Exact copies of the lines below are the goal; any images in them are dropped.

● **Recorded data**

....

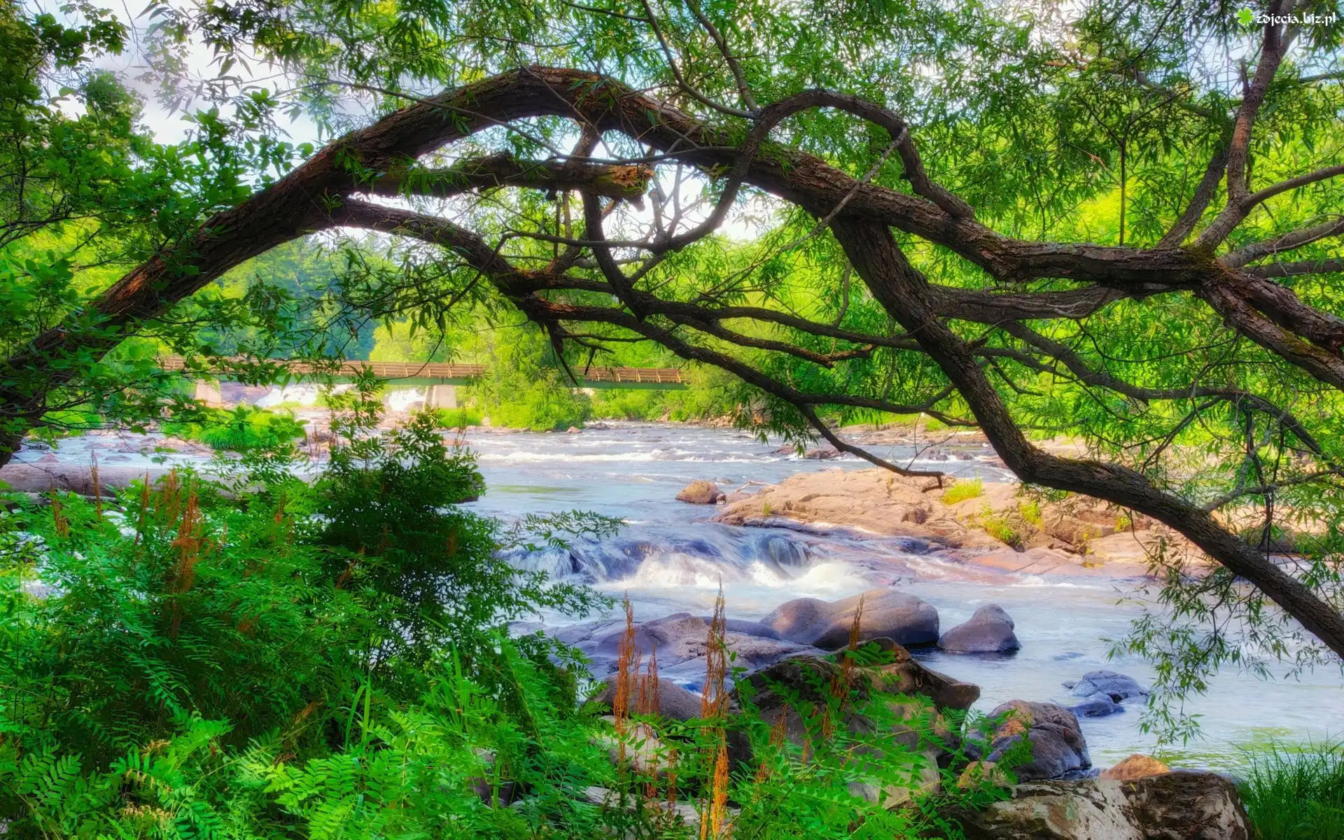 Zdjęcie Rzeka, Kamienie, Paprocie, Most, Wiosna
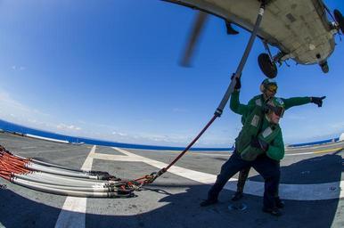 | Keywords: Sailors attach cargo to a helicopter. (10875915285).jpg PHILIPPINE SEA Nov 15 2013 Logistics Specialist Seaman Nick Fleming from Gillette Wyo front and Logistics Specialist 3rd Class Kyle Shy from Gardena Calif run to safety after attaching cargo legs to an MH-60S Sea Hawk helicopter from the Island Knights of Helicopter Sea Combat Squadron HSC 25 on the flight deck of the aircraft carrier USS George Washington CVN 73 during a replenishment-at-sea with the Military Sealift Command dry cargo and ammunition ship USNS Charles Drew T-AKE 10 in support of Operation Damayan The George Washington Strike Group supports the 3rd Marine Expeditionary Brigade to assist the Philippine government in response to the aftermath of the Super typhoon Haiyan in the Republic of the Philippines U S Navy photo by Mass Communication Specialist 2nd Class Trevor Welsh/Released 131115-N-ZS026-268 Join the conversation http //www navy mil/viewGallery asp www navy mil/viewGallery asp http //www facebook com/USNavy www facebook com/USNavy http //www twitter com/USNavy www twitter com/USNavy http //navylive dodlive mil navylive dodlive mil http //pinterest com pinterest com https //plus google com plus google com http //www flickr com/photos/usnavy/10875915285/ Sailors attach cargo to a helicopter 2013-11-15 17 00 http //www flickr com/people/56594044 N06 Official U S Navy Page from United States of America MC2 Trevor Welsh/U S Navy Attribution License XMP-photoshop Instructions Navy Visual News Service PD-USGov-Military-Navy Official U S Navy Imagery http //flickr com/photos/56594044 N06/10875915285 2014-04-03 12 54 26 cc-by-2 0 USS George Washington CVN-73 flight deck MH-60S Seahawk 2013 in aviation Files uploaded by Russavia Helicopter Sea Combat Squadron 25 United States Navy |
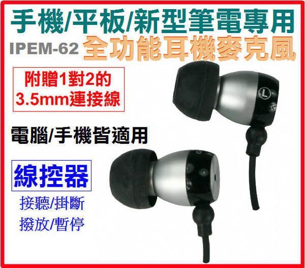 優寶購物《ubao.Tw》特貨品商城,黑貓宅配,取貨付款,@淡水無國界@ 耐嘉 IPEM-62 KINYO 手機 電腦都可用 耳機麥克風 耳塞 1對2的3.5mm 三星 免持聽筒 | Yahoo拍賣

....

● **Response area**
 Zdjęcie Rzeka, Kamienie, Paprocie, Most, Wiosna
 | Keywords: Sailors attach cargo to a helicopter. (10875915285).jpg PHILIPPINE SEA Nov 15 2013 Logistics Specialist Seaman Nick Fleming from Gillette Wyo front and Logistics Specialist 3rd Class Kyle Shy from Gardena Calif run to safety after attaching cargo legs to an MH-60S Sea Hawk helicopter from the Island Knights of Helicopter Sea Combat Squadron HSC 25 on the flight deck of the aircraft carrier USS George Washington CVN 73 during a replenishment-at-sea with the Military Sealift Command dry cargo and ammunition ship USNS Charles Drew T-AKE 10 in support of Operation Damayan The George Washington Strike Group supports the 3rd Marine Expeditionary Brigade to assist the Philippine government in response to the aftermath of the Super typhoon Haiyan in the Republic of the Philippines U S Navy photo by Mass Communication Specialist 2nd Class Trevor Welsh/Released 131115-N-ZS026-268 Join the conversation http //www navy mil/viewGallery asp www navy mil/viewGallery asp http //www facebook com/USNavy www facebook com/USNavy http //www twitter com/USNavy www twitter com/USNavy http //navylive dodlive mil navylive dodlive mil http //pinterest com pinterest com https //plus google com plus google com http //www flickr com/photos/usnavy/10875915285/ Sailors attach cargo to a helicopter 2013-11-15 17 00 http //www flickr com/people/56594044 N06 Official U S Navy Page from United States of America MC2 Trevor Welsh/U S Navy Attribution License XMP-photoshop Instructions Navy Visual News Service PD-USGov-Military-Navy Official U S Navy Imagery http //flickr com/photos/56594044 N06/10875915285 2014-04-03 12 54 26 cc-by-2 0 USS George Washington CVN-73 flight deck MH-60S Seahawk 2013 in aviation Files uploaded by Russavia Helicopter Sea Combat Squadron 25 United States Navy |
 優寶購物《ubao.Tw》特貨品商城,黑貓宅配,取貨付款,@淡水無國界@ 耐嘉 IPEM-62 KINYO 手機 電腦都可用 耳機麥克風 耳塞 1對2的3.5mm 三星 免持聽筒 | Yahoo拍賣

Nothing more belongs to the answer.